АНДРЕЙ. Полно, не обращайте внимания! Погодите… постойте, прошу вас…
НАТАША. Мне стыдно… Я не знаю, что со мной делается, а они поднимают меня на смех. То, что я сейчас вышла из-за стола, неприлично, но я не могу… не могу…
АНДРЕЙ. Дорогая моя, прошу вас, умоляю, не волнуйтесь. Уверяю вас, они шутят, они от доброго сердца. Дорогая моя, моя хорошая, они все добрые, сердечные люди и любят меня и вас. Идите сюда к окну, нас здесь не видно им…
НАТАША. Я так не привыкла бывать в обществе!..
АНДРЕЙ. О, молодость, чудная, прекрасная молодость! Моя дорогая, моя хорошая, не волнуйтесь так!.. Верьте мне, верьте… Мне так хорошо, душа полна любви, восторга… О, нас не видят! Не видят! За что, за что я полюбил вас, когда полюбил – о, ничего не понимаю. Дорогая моя, хорошая, чистая, будьте моей женой! Я вас люблю, люблю… как никого никогда…

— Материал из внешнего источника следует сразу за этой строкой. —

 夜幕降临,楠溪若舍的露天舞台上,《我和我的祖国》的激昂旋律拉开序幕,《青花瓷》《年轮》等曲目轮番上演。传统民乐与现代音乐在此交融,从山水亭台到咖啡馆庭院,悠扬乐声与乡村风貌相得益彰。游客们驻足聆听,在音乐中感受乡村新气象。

Я перечитал эту сцену несколько раз. Никогда раньше мне не приходило в голову предположить ее такой, как она была решена в спектакле театра «София». То есть не просто по-другому, а, если хотите, полярным МХАТу образом. В тексте оказался удивительный запас прочности, он мог выдерживать прямо противоположные эмоциональные нагрузки и с большой полнотой соответствовать самому разному поведению персонажей: как целомудренно-романтической влюбленности, так и агрессивным проявлениям плотской страсти.

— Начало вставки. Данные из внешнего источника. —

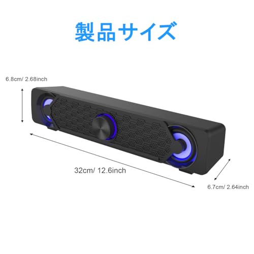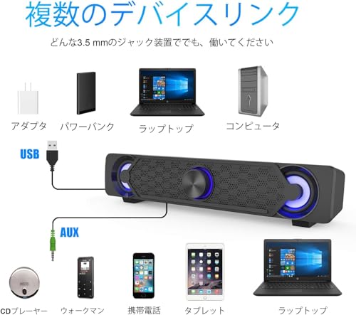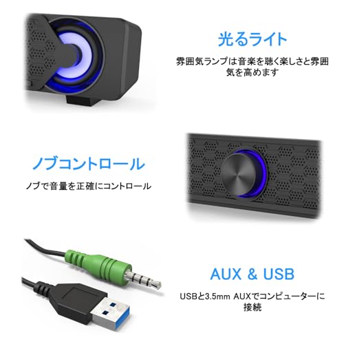 PCスピーカー コンピュータースピーカー ミニLEDサウンドバー クールデザイン モニターゲーム/ノートパソコン/デスクトップノートブックに
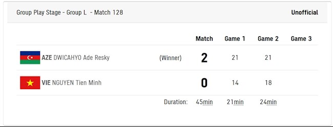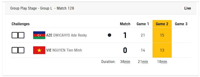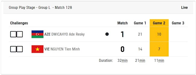 18h50: Tiến Minh đã để thua trong set đấu đầu tiên trước VĐV người Azerbaijan Dwicahyo Ade Reskyvới tỷ số 14-21.

Да, я убедился, что болгарские актеры были по-своему честны перед автором. Во всяком случае, они не переиначили его текст, не прибавили и не убавили ни единой буквы, не подогнали его под свою колодку. Видимо, они просто прочли эту сцену глазами своего поколения, на свой манер, и потому имели основание утверждать, наперекор традиционному представлению, что и это – Чехов. Признаться, я вдруг потерял уверенность, что компания мхатовских офицеров, подтянутых, привлекательных, веселых шутников, вроде Федотика или Родэ, мечтательных, ищущих смысла существования, как нелюбимый барон Тузенбах, отягощенный собственной личностью, как изгиляющийся от душевных неурядиц и нереализованных страстей штабс-капитан Соленый, – что все они более близки Чехову, нежели персонажи болгарского спектакля – истерзанный тоской провинциального безделья привычно болтливый Тузенбах, замкнувшийся в себе и равнодушный ко всему Соленый и два поручика, потерявшие в этой глуши весь свой поручиковый лоск: Федотик, по привычке таскающий с собой дурацкую «фотографию», да кривляющийся и время от времени выделывающий какие-то гимнастические фигуры Родэ, оба расхристанные и «непросыхающие»…
А что до сцены Наташи и Андрея, то и русский ее вариант, и болгарский показались мне вдруг в равной мере возможными.
И тут я впервые серьезно задумался над вопросом: правомерны ли подчас наши безапелляционные суждения, что это, мол, «не Чехов», «не Шекспир», «не Островский» только потому, что предлагаемые театральные решения не соответствуют неким выработанным стереотипам трактовок тех или иных драматических сочинений, освященных, так сказать, многолетней «беспорочной службой»?
Ведь секрет бездонной емкости великих пьес в том, что они будто рассчитаны на многозначное, вневременное истолкование, как, впрочем, и все великое.
Разумеется, я не хочу сбрасывать со счета такое важное обстоятельство, как художественная традиция. Я понимаю, что проблема верного сценического истолкования великих пьес не сводится к тому, чтобы психологически обосновать и органично представить на сцене действенное содержание текста, прочитанного таким или иным образом, лишь бы зрители узнали самих себя в представленных на сцене персонажах. Узнать самих себя – еще не достаточно для того, чтобы лучше узнать персонажи Чехова, Островского или Шекспира. Все это так.